Grouping by multiple columns in Pandas - Time & Space Complexity
When we group data by multiple columns, we want to see how the time to do this grows as the data gets bigger.
We ask: How does the work increase when we add more rows or more groups?
Analyze the time complexity of the following code snippet.
import pandas as pd
data = pd.DataFrame({
'City': ['NY', 'LA', 'NY', 'LA', 'NY'],
'Year': [2020, 2020, 2021, 2021, 2020],
'Sales': [100, 200, 150, 250, 300]
})
grouped = data.groupby(['City', 'Year']).sum()
This code groups sales data by both city and year, then sums the sales in each group.
Identify the loops, recursion, array traversals that repeat.
- Primary operation: Scanning each row to find its group based on city and year.
- How many times: Once for each row in the data.
As the number of rows grows, the time to group and sum grows roughly in direct proportion.
| Input Size (n) | Approx. Operations |
|---|---|
| 10 | About 10 operations to assign groups and sum |
| 100 | About 100 operations |
| 1000 | About 1000 operations |
Pattern observation: Doubling the rows roughly doubles the work needed.
Time Complexity: O(n)
This means the time to group by multiple columns grows linearly with the number of rows.
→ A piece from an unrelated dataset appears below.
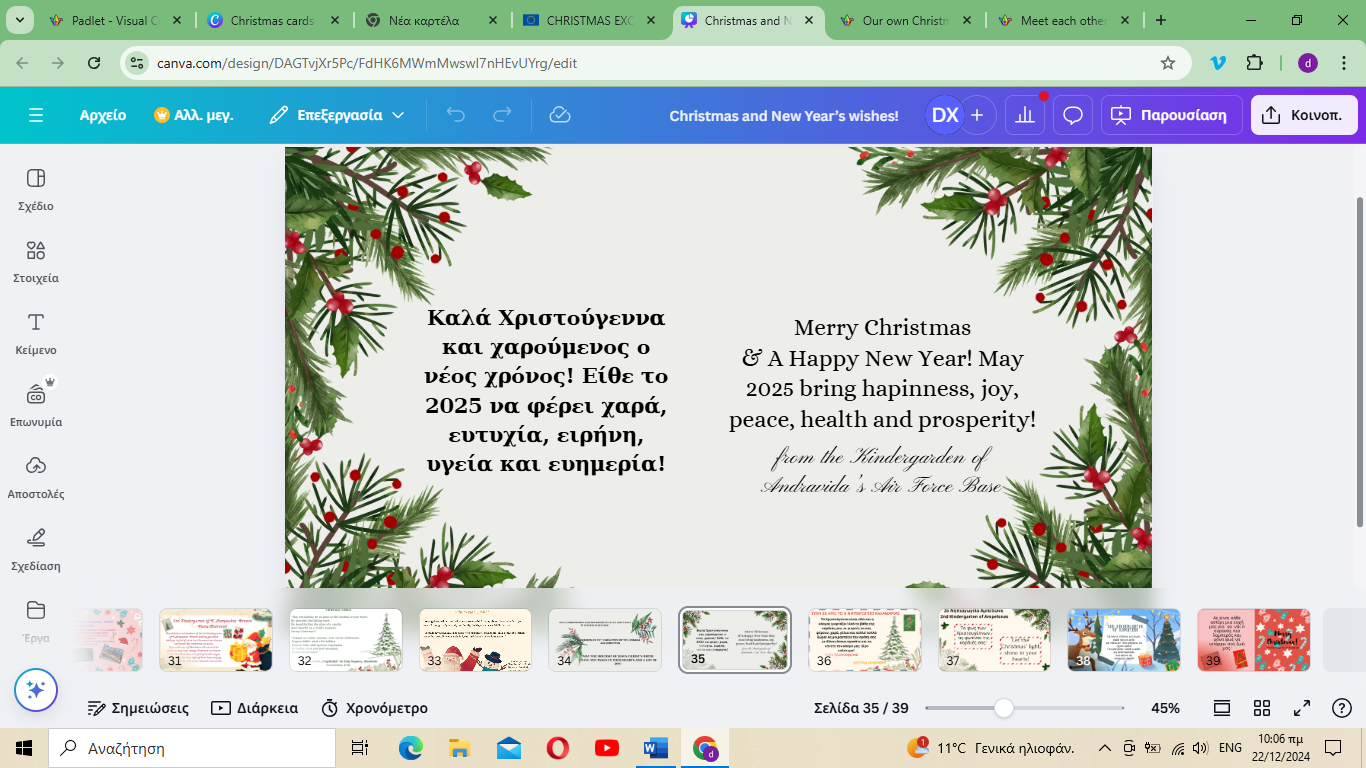 Τελευταία μας δράση η ανταλλαγή ευχών με τους εταίρους μας

[X] Wrong: "Grouping by more columns makes the operation take much longer than just one column, like multiplying time by the number of columns."
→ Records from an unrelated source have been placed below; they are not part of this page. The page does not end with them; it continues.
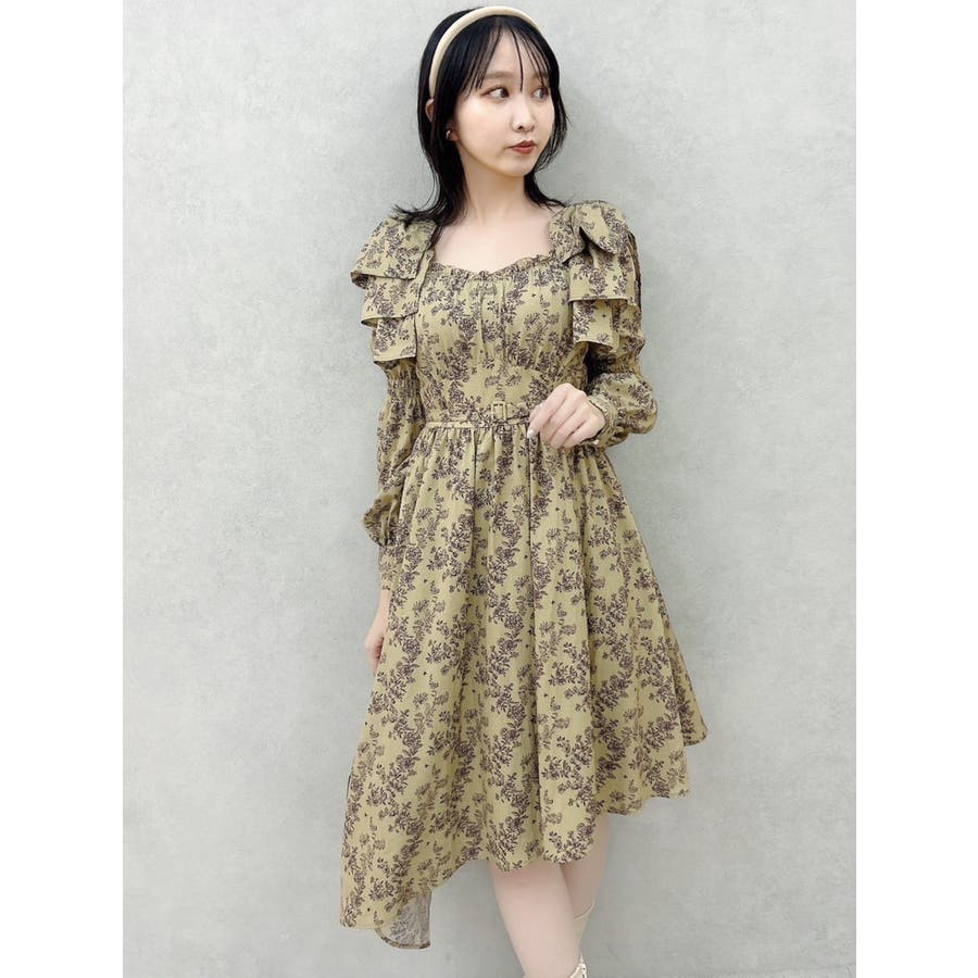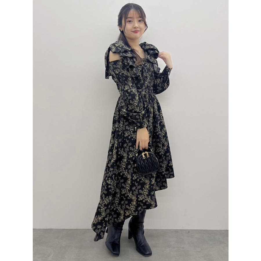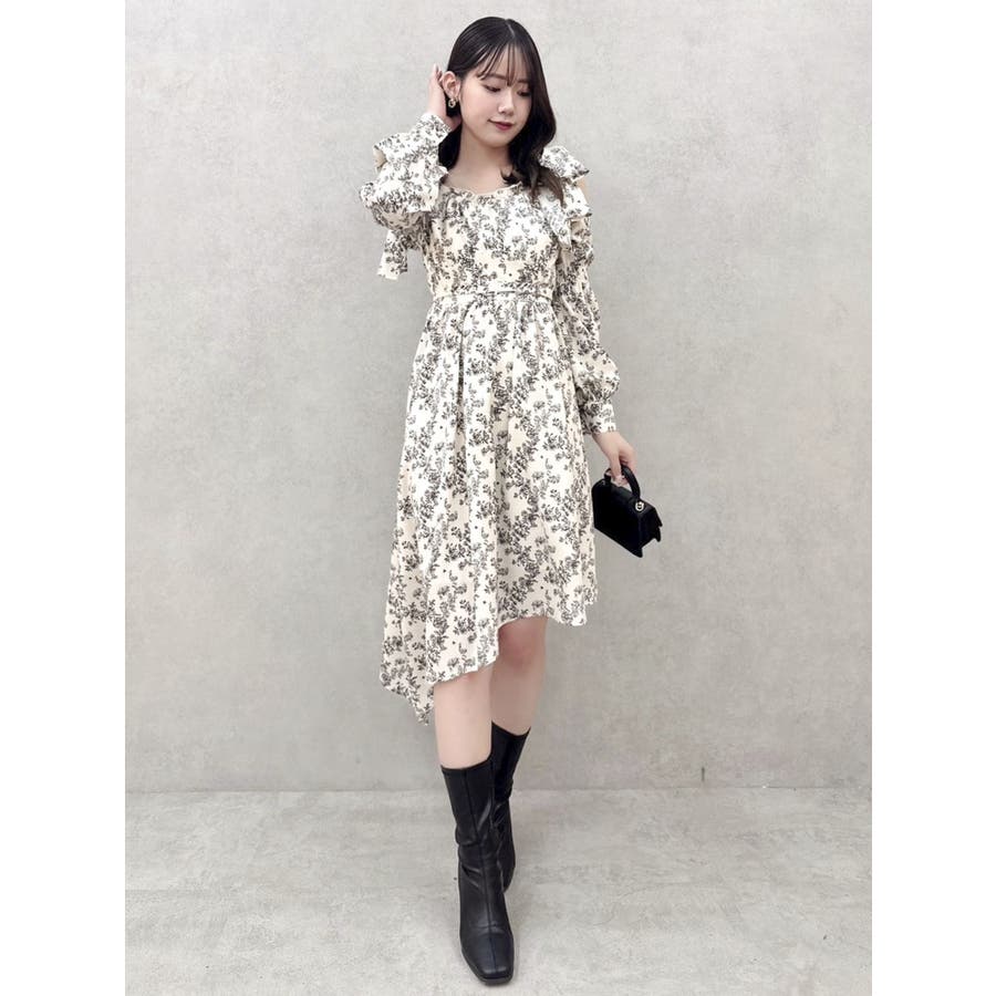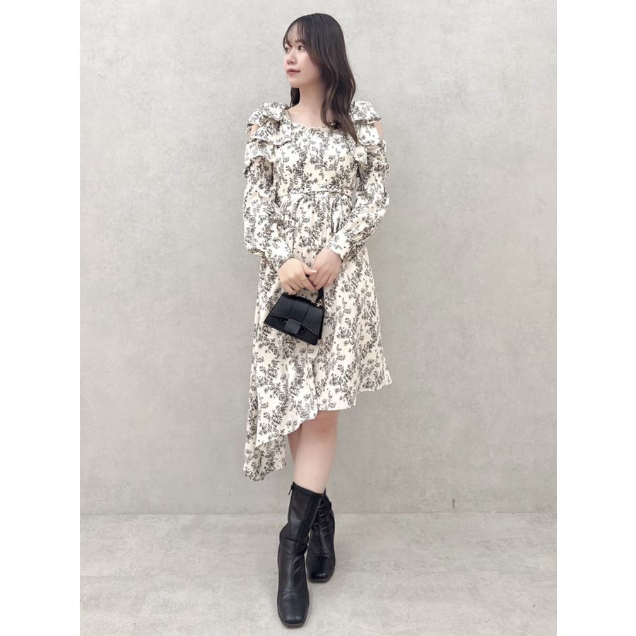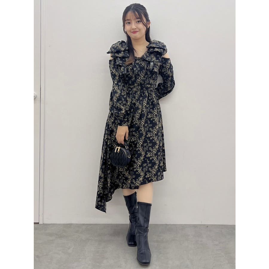 【商品】肩部分のリボンでSWEETな印象に仕上がったワンピースです。ウエスト部分のベルトマークでスタイルアップ。アシンメトリーになった裾のデザインがdazzlin(ダズリン)らしい遊び心を閉じ込めています。【スタイリング】ライダースジャケットやテーラードジャケットを合わせてマニッシュなコーデがおすすめです。甘辛なスタイリングが楽しめます。
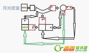接下来就是路线讲解啦。其实到BOSS房间的路线很简单的。依据这张路线图,我们可以发现,最快捷的路线就是一路向左哦~!三个左拐就到BOSS面前啦。迷路君&迷路姬们再也不用担心在月光密室迷路了。
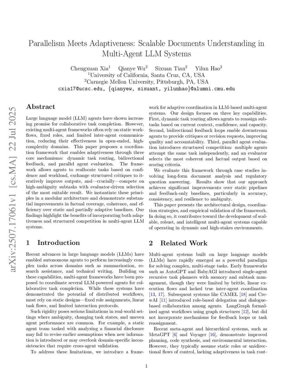 Parallelism Meets Adaptiveness: Scalable Documents Understanding in Multi-Agent LLM Systems

[OK] Correct: Actually, grouping time depends mostly on the number of rows, not the number of grouping columns. Adding columns changes how groups are identified but does not multiply the work by the number of columns.
Understanding how grouping scales helps you explain data processing steps clearly and shows you can think about efficiency in real tasks.
"What if we grouped by only one column instead of two? How would the time complexity change?"